DATA EXCERPTS START

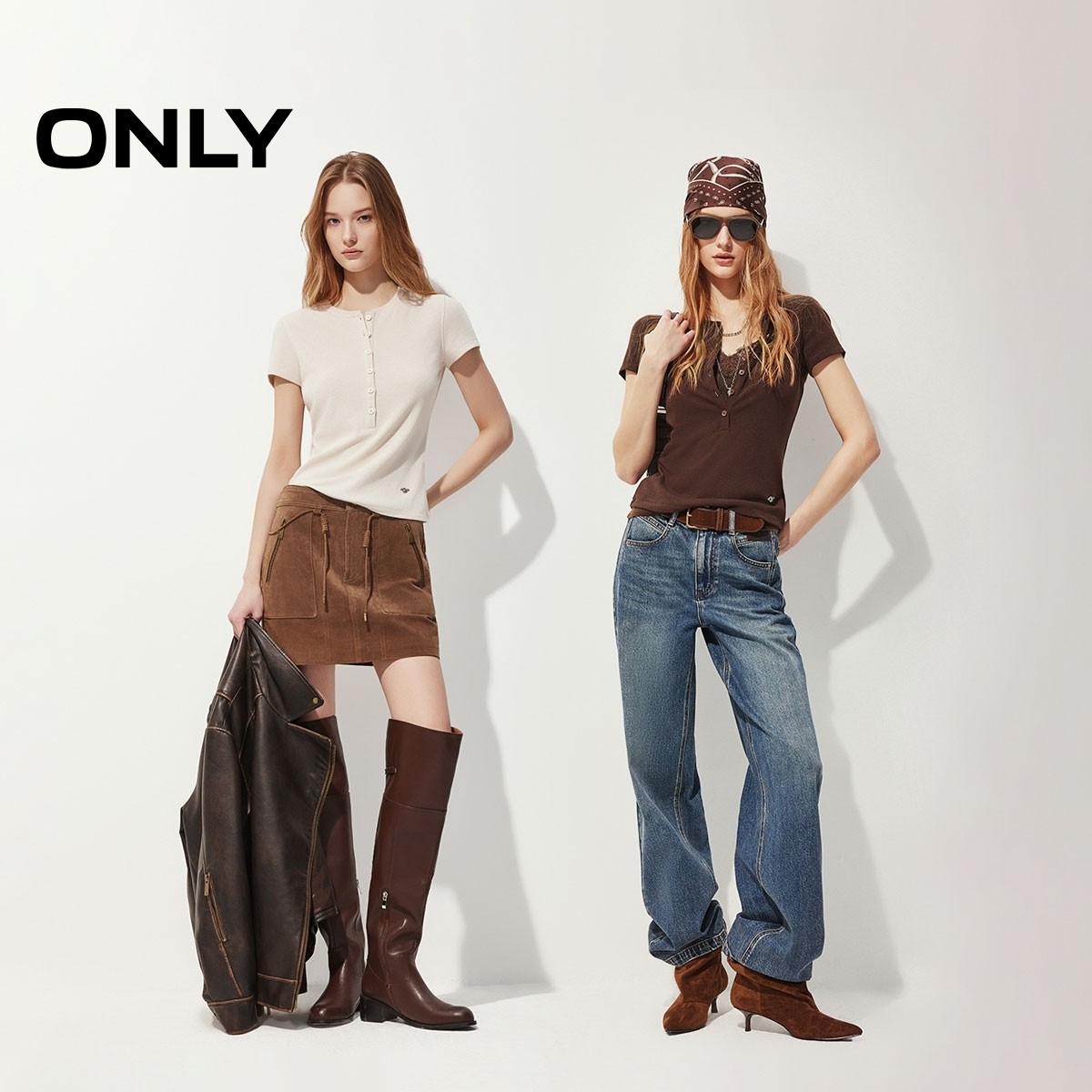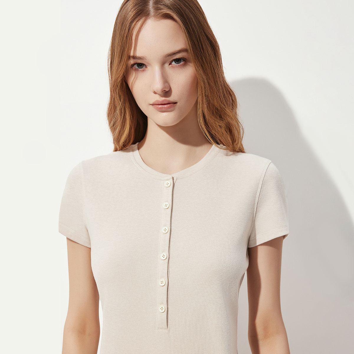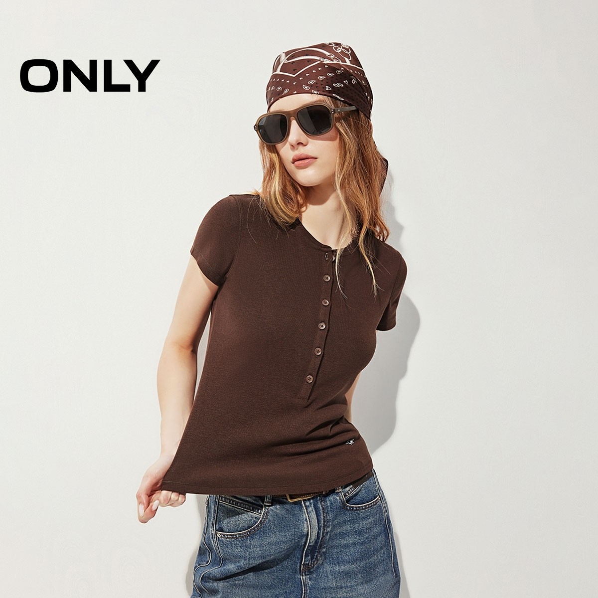 ONLY2026春季新款简约柔软同色排扣圆领短袖纯色正肩修身T恤女
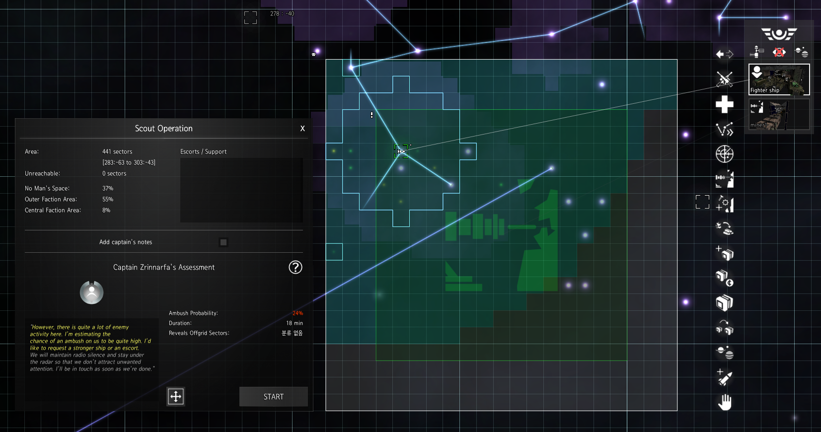 기존에도 섹터의 광물 수집 / 함선 분해 / 수리 / 전투의 기능은 있었지만
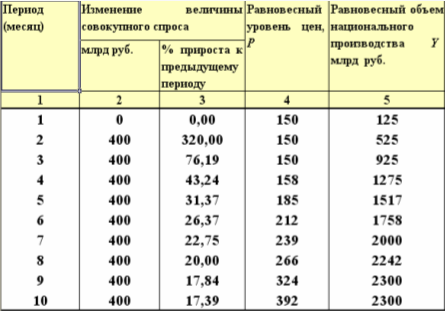 Графа 2:%∆Pi =(Pi-Pi-1 )*100/ Pi-1 =(158-150)*100/150=5,64 (Pi-равновесный уровень цен (графа 4 таблицы 2.1)) Графа 3:%∆Pi =(Pi-Po )*100/ Po =(158-150)*100/150=5,64 (Po –равновесный уровень цен (графа 4 таблицы 2.1)) Графа 4:%∆Yi =(Yi-Yi -1 )=(1275-925)=350 (Y-равновесный объем национального производства (графа 5 таблицы 2.1)) Графа 5:%∆Yi =(Yi-Yi -1 )*100/ Yi -1 =(1275-925)*100/925=37,85 Графа 6:%∆Yi =(Yi-Yo )*100/ Yo =(1275-125)*100/125=920,09 (Yo - равновесный объем национального производства (графа 5 таблицы 2.1)) Графа 7: Эi =∆YADi -∆Yi =400-350=50 (∆YAD –изменение величины совокупного спроса (графа 2 таблицы 2.1))
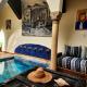 En el riad, las habitaciones cuentan con armario, ropa de cama y un balcón con vistas a la piscina. Todas las habitaciones del alojamiento están equipadas con baño privado y aire acondicionado, y algunas también cuentan con zona de estar. Las habitaciones tienen caja fuerte.
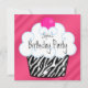 Convites Festa de aniversário de Cupcake de Zebra Rosa Quen
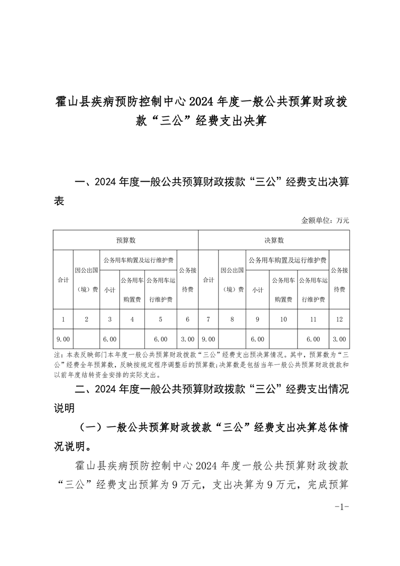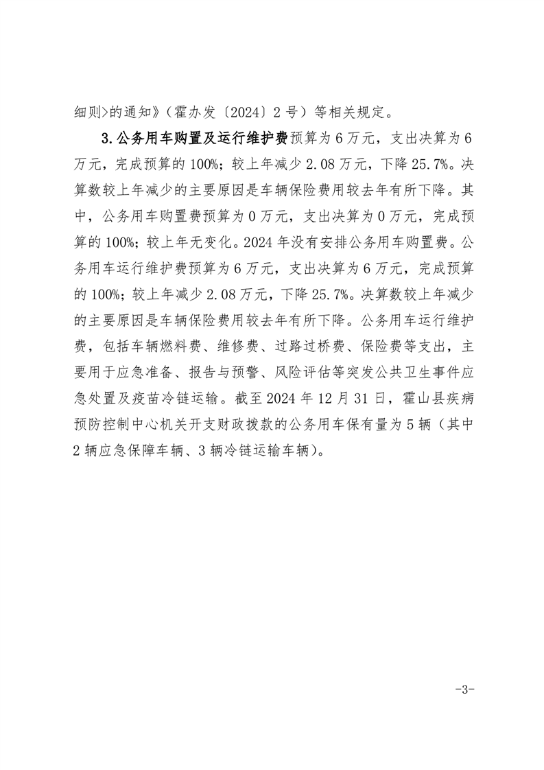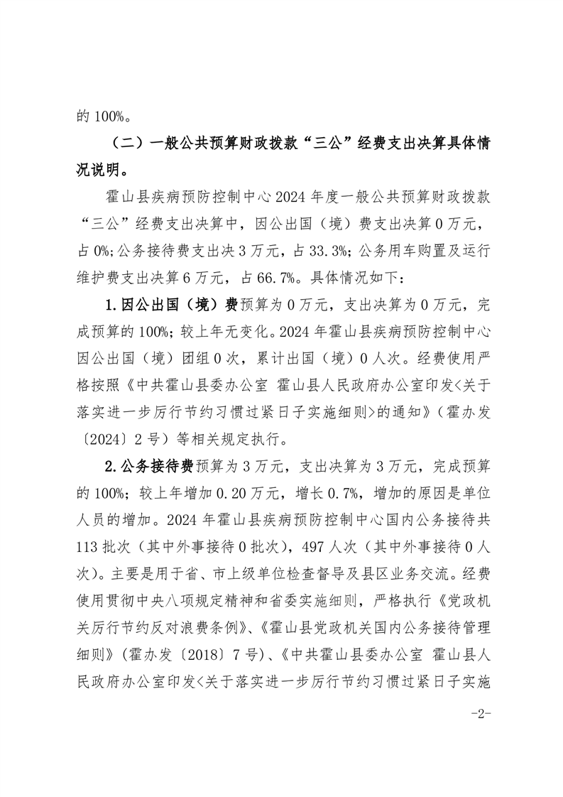 霍山县疾病预防控制中心2024年度部门三公经费决算公开

DATA EXCERPTS END

PROBLEM DETAILS –
Copy all the records above exactly, but leave out the pictures.

ANSWER BELOW –
 ONLY2026春季新款简约柔软同色排扣圆领短袖纯色正肩修身T恤女
 기존에도 섹터의 광물 수집 / 함선 분해 / 수리 / 전투의 기능은 있었지만
 Графа 2:%∆Pi =(Pi-Pi-1 )*100/ Pi-1 =(158-150)*100/150=5,64 (Pi-равновесный уровень цен (графа 4 таблицы 2.1)) Графа 3:%∆Pi =(Pi-Po )*100/ Po =(158-150)*100/150=5,64 (Po –равновесный уровень цен (графа 4 таблицы 2.1)) Графа 4:%∆Yi =(Yi-Yi -1 )=(1275-925)=350 (Y-равновесный объем национального производства (графа 5 таблицы 2.1)) Графа 5:%∆Yi =(Yi-Yi -1 )*100/ Yi -1 =(1275-925)*100/925=37,85 Графа 6:%∆Yi =(Yi-Yo )*100/ Yo =(1275-125)*100/125=920,09 (Yo - равновесный объем национального производства (графа 5 таблицы 2.1)) Графа 7: Эi =∆YADi -∆Yi =400-350=50 (∆YAD –изменение величины совокупного спроса (графа 2 таблицы 2.1))
 En el riad, las habitaciones cuentan con armario, ropa de cama y un balcón con vistas a la piscina. Todas las habitaciones del alojamiento están equipadas con baño privado y aire acondicionado, y algunas también cuentan con zona de estar. Las habitaciones tienen caja fuerte.
 Convites Festa de aniversário de Cupcake de Zebra Rosa Quen
 霍山县疾病预防控制中心2024年度部门三公经费决算公开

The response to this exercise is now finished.